▶ [Information supplied]
= = = = = = =

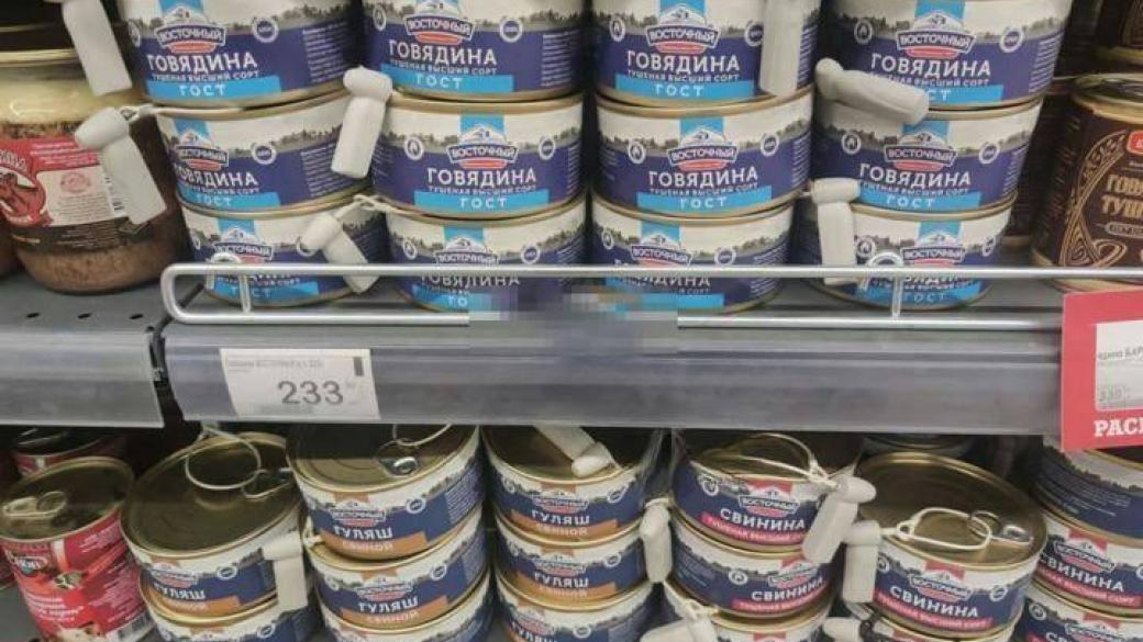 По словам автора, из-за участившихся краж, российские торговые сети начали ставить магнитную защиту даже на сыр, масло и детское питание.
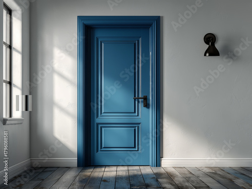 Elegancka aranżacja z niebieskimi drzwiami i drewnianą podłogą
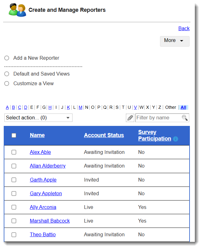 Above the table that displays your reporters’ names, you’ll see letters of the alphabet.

= = = = = = =

▶ [Work instructions] Print the material again, unchanged, without its pictures.

▶ [Solution to the exercise]
 По словам автора, из-за участившихся краж, российские торговые сети начали ставить магнитную защиту даже на сыр, масло и детское питание.
 Elegancka aranżacja z niebieskimi drzwiami i drewnianą podłogą
 Above the table that displays your reporters’ names, you’ll see letters of the alphabet.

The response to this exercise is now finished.